The key inputs are the set of fields that are going to appear in the final crosstab, and a list of sets of fields whose column totals (and cross-totals) must not change.

In the spec file, you will see a specification for a three-way crosstab between the PUMA, rac1p, and catage variables. All pairwise crosstabs must not change, but any other details are free to be changed for the raking.

raking {
all_vars: puma|catage | rac1p
}
contrasts {
catage | rac1p
puma | rac1p
puma | catage
}

As you have seen a few times to this point, once you have the spec file in place you can call the procedure with one R function, which in this case is doRaking(). But there are several ways to change the settings as you go, so that you can experiment and adjust.

The first is to simply change the spec file and re-run. To do this, you will have to call read_spec again:

> read_spec("demo.spec"); doRaking() #Run two commands on a line by ending the first with a semicolon
> read_spec("demo.spec"); doRaking() #Hit the up-arrow to call up the previous line.

Everything you can put in a spec file you can put on the command line. The help system will give you the list of inputs (which will also help with writing a spec file), and you can use those to tweak settings on the command line:

This concludes our discussion of the spec file layout and syntax. At this point, you should be able to implement a basic spec file to impute any data set. More information about the keys discussed above and others that were not present in demo.spec can be found in the appendix and at the r-forge website.

Imputation

Thus far we've seen how to impute a data set using a single impute group. In this form, single imputation produces a list of replacement values for those data items that fail consistency checks or initially had no values. For the case of editing, the replacements would be for data that fails consistency checks; for the case of basic imputation, the replacements would be for elements that initially had no values. Recall that as we stipulated earlier in the tutorial, for our purposes we consider a looser definition of imputation that includes the replacement of data points that both intially had no value as well as those that fail consistency checks.

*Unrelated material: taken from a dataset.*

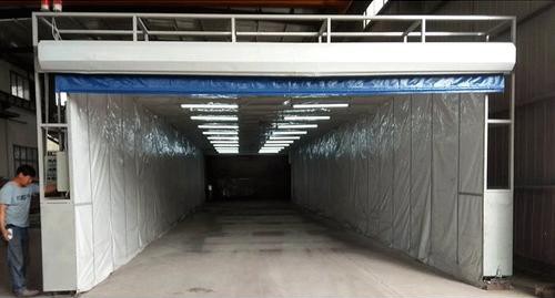 移动果酱视频色版喷漆房为钢制框架结构,可前后果酱视频色版移动。框架之间的滑动连接机构保证框架在驱动装置的带动下沿地面的轨道前后竖直平行移动,同时带动蓬布展开合拢。移动前室收缩合拢时,将工件移入工作区,展开时可进行工件的喷漆或打磨工作。在不喷漆的工作时间内,可将前室合拢,腾出空间场地作为其他与喷漆交叉作业的工序使用。

In a similar vein, while single imputation gives us a single list of replacement values, any stochastic imputation method could be repeated to produce multiple lists of replacement values. For instance, we could utilize multiple imputation to calculate the variance of a given statistic, such as average income for a subgroup, as the sum of within-imputation variance and across-imputation variance.

To give a concrete example, consider a randomized hot deck routine, where missing values are filled in by pulling values from similar records. For each record with a missing income:

The simplest and most common example is the randomized hot deck, in which each survey respondent has a universe of other respondents whose data can be used to fill in the respondent's missing values. The hot deck model is a simple random draw from the given universe for the given variable.

Given this framework, there are a wealth of means by which universes are formed, and a wealth of models by which a missing value can be filled in using the data in the chosen universe.

Universes

The various models described above are typically fit not for the whole data set, but for smaller universes, such as a single county, or all males in a given age group. A universe definition is an assertion that the variable set for the records in the universe was generated in a different manner than the variables for other universes.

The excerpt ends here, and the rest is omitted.